« Les choses ne se dégradèrent pas d'un seul coup. Les armes restèrent cachées dans les larges poches des manteaux et derrière les portes des maisons, bien huilées, prêtes à l'emploi. Il n'y avait pas de morts, mais il y avait
du poison dans l'air. Un désir affiché de faire couler le sang. » Mon écrivain libanais de prédilection
Jabbour Douaihy décédé en juillet 2021 , raconte dans son dernier roman testament, la lente déchéance de son pays à travers un personnage, quasi son sosie. Grand amoureux des livres, de la langue arabe et de la littérature française qu'il enseigne dans un lycée , son narrateur , un maronite , traverse l'histoire du Liban, des années 1950 à août 2020 date de la terrible explosion au port de Beyrouth. de sa bourgade natale dans la montagne au melting pot de divers groupes ethniques et religieux de Beyrouth, notre anti-héros , loup solitaire, sent vite qu'il se passe quelque chose que l'on n'écrit pas dans les journaux et dont les gens ne parlent pas à voix haute. Ceux sont les premiers signes de la guerre civile en route et que personne ne voit venir. Alors que Beyrouth se désagrège peu à peu , la famille du narrateur subit le même sort.

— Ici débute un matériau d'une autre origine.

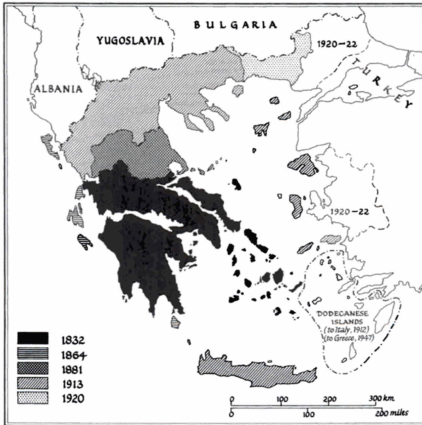
Map 2 The expansion of the Greek state, 1832-1947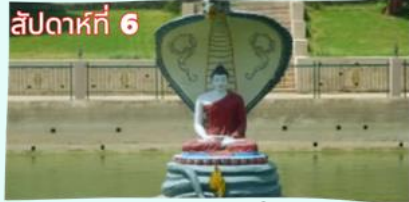
สระมัจฉิกร์ (จำลอง)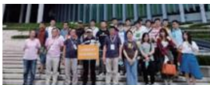
上海建筑设计研究院有限公司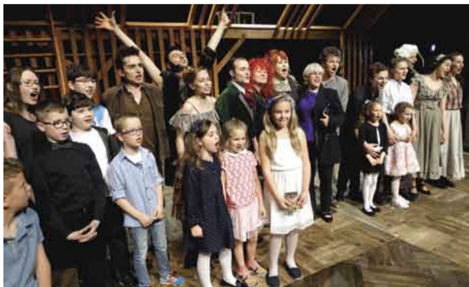
↑ Tajemnica Tomka Sawyera - zdjęcie z aktorami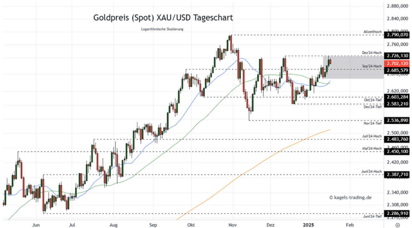
Goldpreis Prognose Tageschart - diese & nächste Woche (Chart: TradingView )

⌘; Mögliche Wochenspanne: 2740 $ bis 2.830 $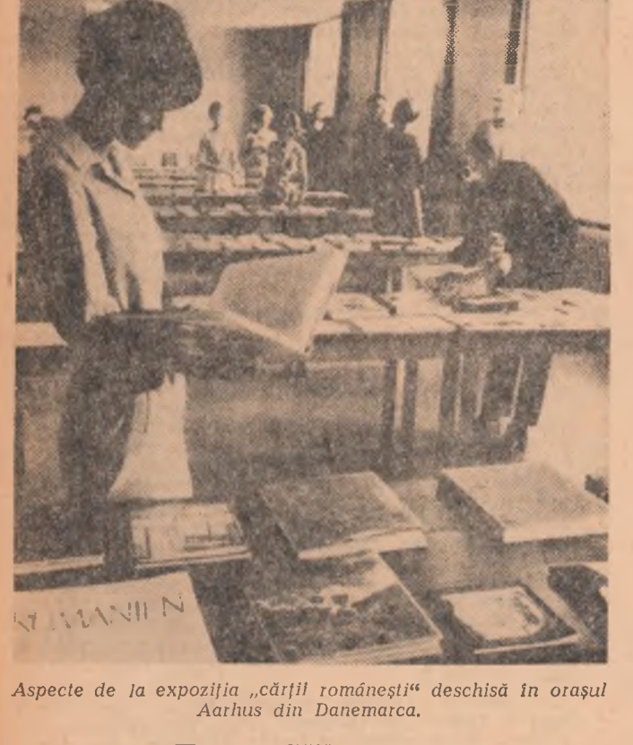
Aspecte de la expoziția „cărții românești” deschisă în orașul Aarhus din Danemarca.

Noul președinte al Argentinei, generalul Juan Onganía, a adresat joi seara națiunii primul său mesaj radiodifuzat, în care a anunțat că guvernul elaborează „un plan vast de reforme”. Observatorii din capitala argentiniană remarca faptul că deși au trecut 72 de ore de la lovitură de stat militară, noul regim nu a reușit însă să formeze un guvern. Agenciile occidentale de presă, anunță că regimul militar instalat în Argentina a început o campanie de represii împotriva elementelor democratice. Joi, poliția a efectuat percheziții la 32 de sedii ale Partidului Comunist și ale altor organizații progresiste, arestînd mai multe persoane. După cum relatează agenția France Presse, poliția a ordonat închiderea tuturor sediilor Partidului Comunist, precum și a Ligii argentinene pentru drepturile omului, Uniunii femeilor din Argentina, Consiliului păcii din Argentina și a Federației tineretului comunist din această țară. Totodată s-a anunțat arestarea fratelui fostului președinte Illia, profesorul Ricardo Illia, în locuința cărui se află în prezent președintele demis. Surse oficiale au indicat și arestarea fostului primar al orașului Buenos Aires, Francisco Rabanal.

« Le poison dans l'air » traverse tout le récit de bout en bout, à commencer par cette couverture magnifique d'un vert absinthe très évoquant, « Les Hébreux, qui regardaient les plantes amères comme nuisibles, et comme vénéneuses (voir Apocalypse 8.10-11), se servent souvent du nom de cette plante pour désigner ce qui est généralement désagréable, nuisible et pernicieux ; et le paraphraste caldéen appelle cette plante « absinthe de mort » ».

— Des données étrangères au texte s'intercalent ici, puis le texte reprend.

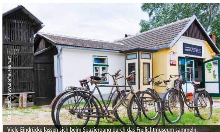
Viele Eindrücke lassen sich beim Spaziergang durch das Freilichtmuseum sammeln.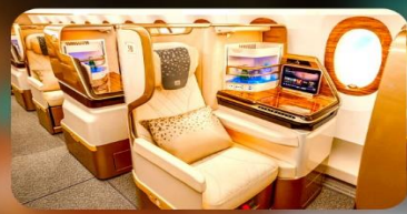
BUSINESS CLASS "บินกลับ"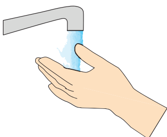
Tvätta händerna ofta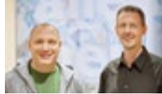
Das Team der Werkstatt Bibel freut sich auf Ihren Besuch.

Die Werkstatt Bibel ist eine Einrichtung des Amtes für missionarische Dienste der Evangelischen Kirche von Westfalen in Verbindung mit der von Cansteinschen Bibelanstalt in Westfalen e.V.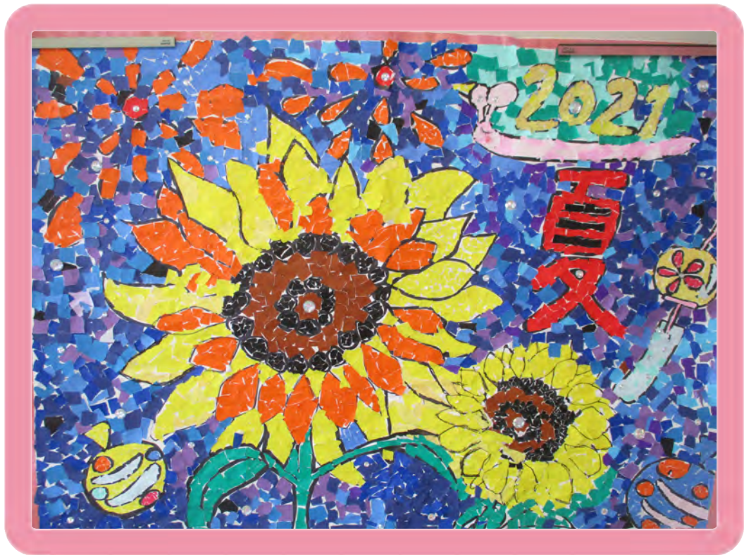
「夜空のひまわり～2021夏」 回復期リハビリテーション病棟 入院患者さんの 作品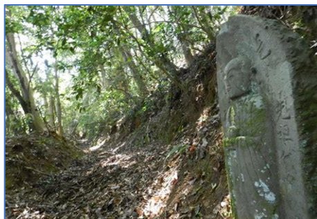
&lt; 地藏丁石 &gt;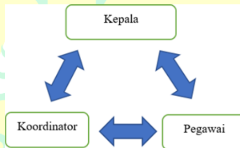
Gambar 3. 1 Triangulasi sumber data

sumber dengan berbagai cara dan berbagai waktu (Riana, Teti Berliani and Agau 2020). Teknik keabsahan data dalam penelitian ini diuji dengan menggunakan triangulasi teknik dan triangulasi sumber. Triangulasi teknik merupakan pengujian data dari sumber data dengan menggunakan teknik yang berbeda, sedangkan triangulasi sumber yaitu melibatkan penggunaan beberapa sumber data yang berbeda untuk melengkapi temuan penelitian (Mustika 2021). Tujuan triangulasi yaitu untuk meningkatkan kekuatan teoritis, metodologis, maupun administrative dari penelitian kualitatif (Mekarisce 2020). Dalam hal ini penulis mengabungkan menjadi satu data observasi, dokumentasi dan hasil wawancara untuk mendapatkan kesimpulan. Seperti dibawah ini :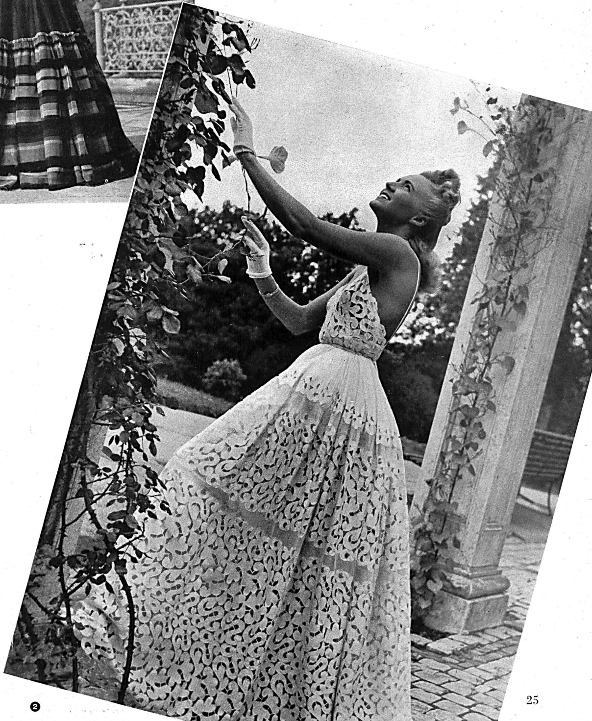
2 Modell Modèle Léon Fischer Satin cuir : Heer & Co. A.-G., Thalwil. Applizierte Stickerei : Applications de broderies : Walter Schrank & Co., St. Gallen. Weisser Kunstseidentüll : Tulle blanc en rayonne : Schweizerische Gesellschaft für Tüllindustrie A. - G., Müchwilen.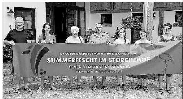
Die Verantwortlichen vom „Summerfescht“.

Für das leibliche Wohl bietet die ASG-Küche Leckeres vom Grill und Kaffee und Kuchen. Die Bevölkerung ist hierzu herzlich eingeladen!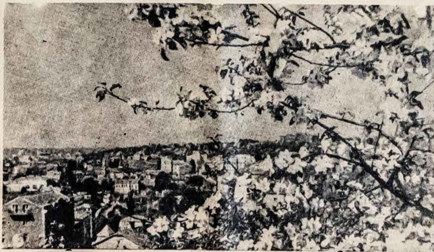
Lituania — país del ambar y nieve. Nuestra fotografía representa la manzana floreciente, en el jardín del campesino lituano, cerca de Kaunas.

Los gobiernos de los zares establecieron esclavitud en Lituania. En el año 1864 prohibieron el idioma lituano, quemando libros, cerrando escuelas y persiguiendo a los que luchaban por la independencia. Historia de Lituania conoce muchos mártires, que eran fusilados, ahorcados y desterrados a Siberia.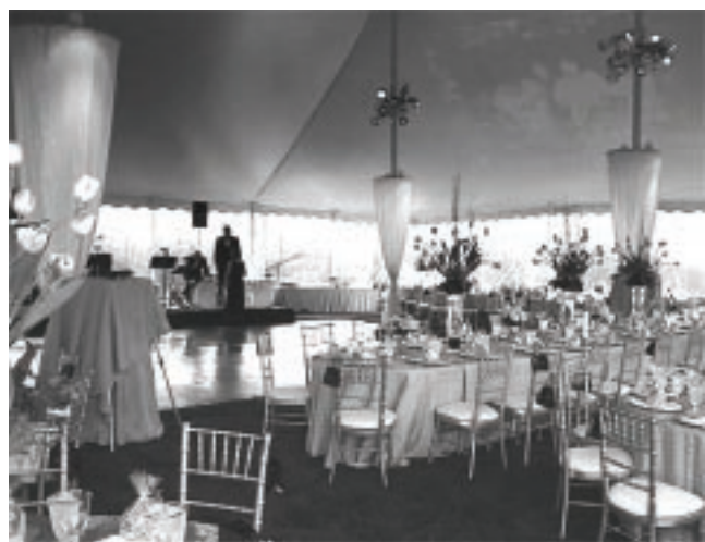
Carpa propia con capacidad de hasta 300 personas.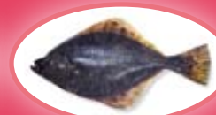
Bot - 20 cm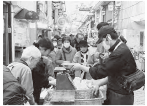
魚の棚商店街はイカナゴを買い求める客で賑わった

さまで成長してしました。明石市の魚の棚商店街では、早速イカナゴを買い求める消費者の姿が見られるなど、漁業者も消費者も待ちわびた解禁となりました。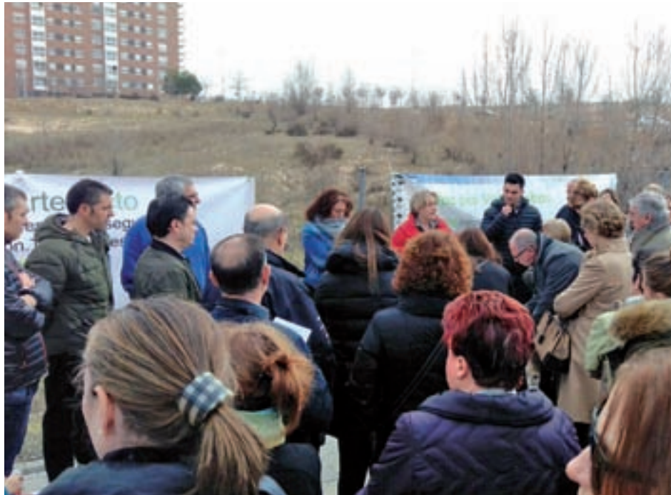
Una de las últimas protestas vecinales contra el proyecto de ARTEfacto en su barrio

Ávalos desgrana las principales razones que les hacen salir a la calle. En primer lugar, asegura que no se conce-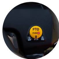
3. PTO 스위치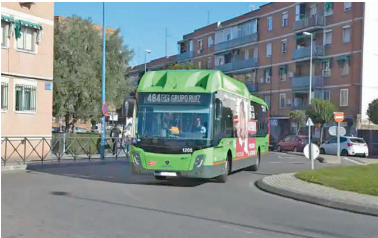
Uno de los autobuses de la Línea 484 que conecta Leganés con la capital

À l'image de ce poison notre anti-héros aime aller au-devant du danger , « Depuis mon adolescence au milieu des tirs dans ma bourgade, le danger m'appelait en secret et je lui répondais, je m'avançais vers lui au lieu de fuir dans l'autre sens. ». S'y greffant aussi son penchant pour le morbide et l'agression il devient assez effrayant. Pourtant au départ il n'avait que des bonnes intentions.
Avec les femmes c'est toute une autre histoire . Sa méthode pour gagner leur coeur est bien rodée : il se lamente sur son sort. Mais comme les dangers, ses liaisons sont éphémères car là aussi le poison de la discorde n'est jamais loin, pouvant l'entraîner dans le pire.
C'est l'histoire triste d'un homme et d'un pays, qui aurait pu être le joyau du Moyen Orient avec ses groupes ethniques et confessionnelles multiples et ses richesses culturelles et archéologiques. L'homme aussi aurait pu avoir un destin brillant , or il aime le danger et contrarier . « Le poison » les envahira lentement, emmenant le pays et l'homme sur le chemin de l'anéantissement .
Douaihy nous a tiré sa révérence sacrément bien. J'ai déjà lu cinq de ses livres , jamais déçue, m'en manque encore deux. Si vous ne le connaissez pas encore, n'hésitez pas, je vous garantie une rencontre majestueuse 😊.